• WHAT TO WORK ON
What needs reproducing is the run of lines in the data below starting at the line with "A scoop of ice" and ending at the line with "このレースでは穴馬の◎ダノン", both ends included. Copy it exactly, without pictures, and add nothing.

• DATA SHOWN
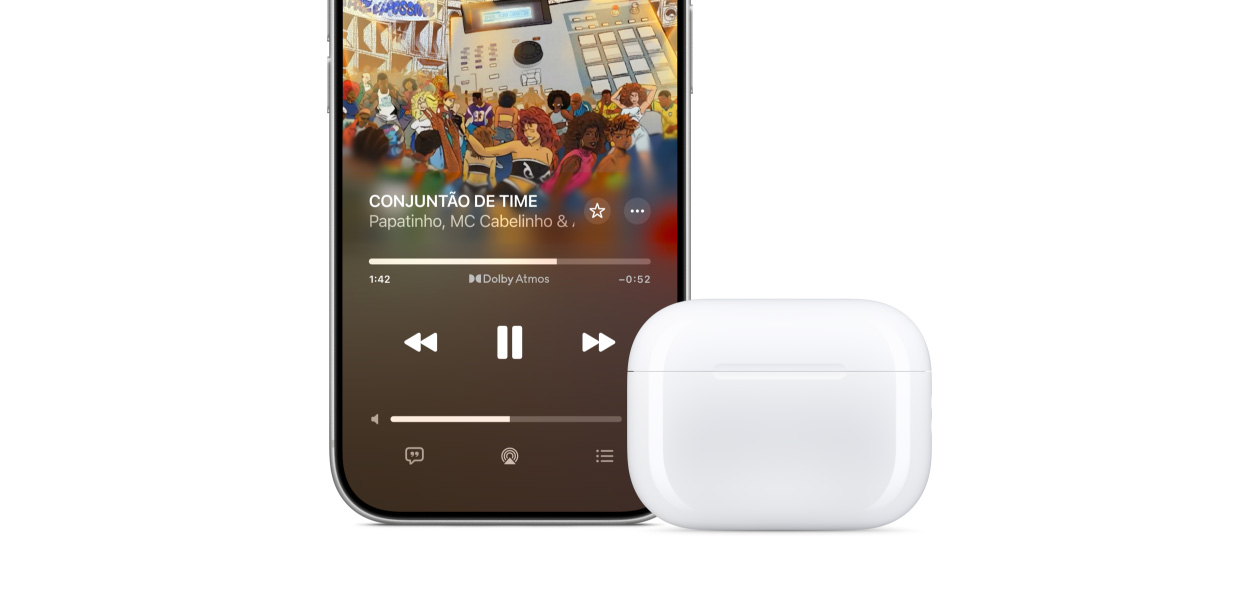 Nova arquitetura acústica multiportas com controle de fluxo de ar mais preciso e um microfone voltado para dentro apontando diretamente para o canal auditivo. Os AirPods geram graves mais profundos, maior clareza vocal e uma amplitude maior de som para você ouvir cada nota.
...
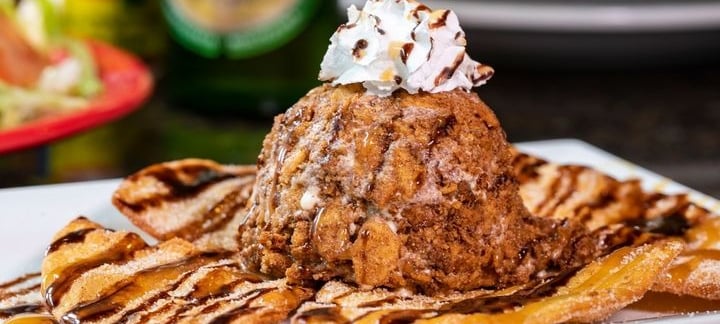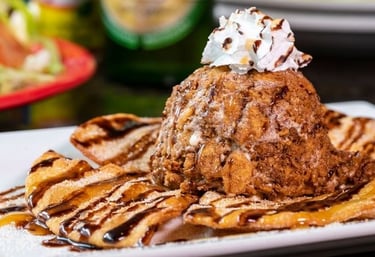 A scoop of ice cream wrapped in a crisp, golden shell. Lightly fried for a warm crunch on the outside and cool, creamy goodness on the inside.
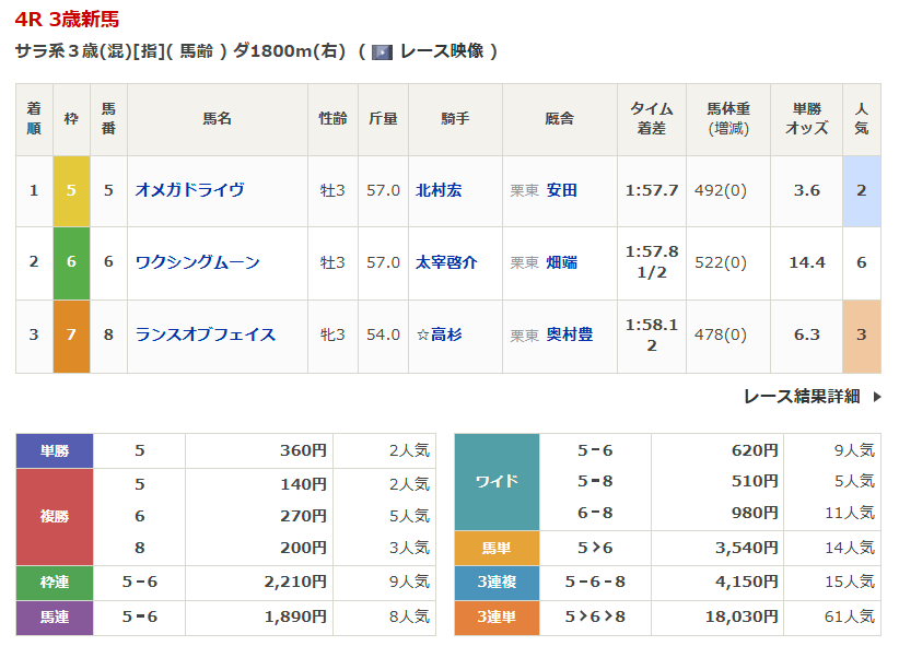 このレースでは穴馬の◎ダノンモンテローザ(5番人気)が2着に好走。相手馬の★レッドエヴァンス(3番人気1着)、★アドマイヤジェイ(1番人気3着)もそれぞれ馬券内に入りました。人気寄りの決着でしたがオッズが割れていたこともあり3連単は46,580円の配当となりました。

• RESPONSE AREA
 A scoop of ice cream wrapped in a crisp, golden shell. Lightly fried for a warm crunch on the outside and cool, creamy goodness on the inside.
 このレースでは穴馬の◎ダノンモンテローザ(5番人気)が2着に好走。相手馬の★レッドエヴァンス(3番人気1着)、★アドマイヤジェイ(1番人気3着)もそれぞれ馬券内に入りました。人気寄りの決着でしたがオッズが割れていたこともあり3連単は46,580円の配当となりました。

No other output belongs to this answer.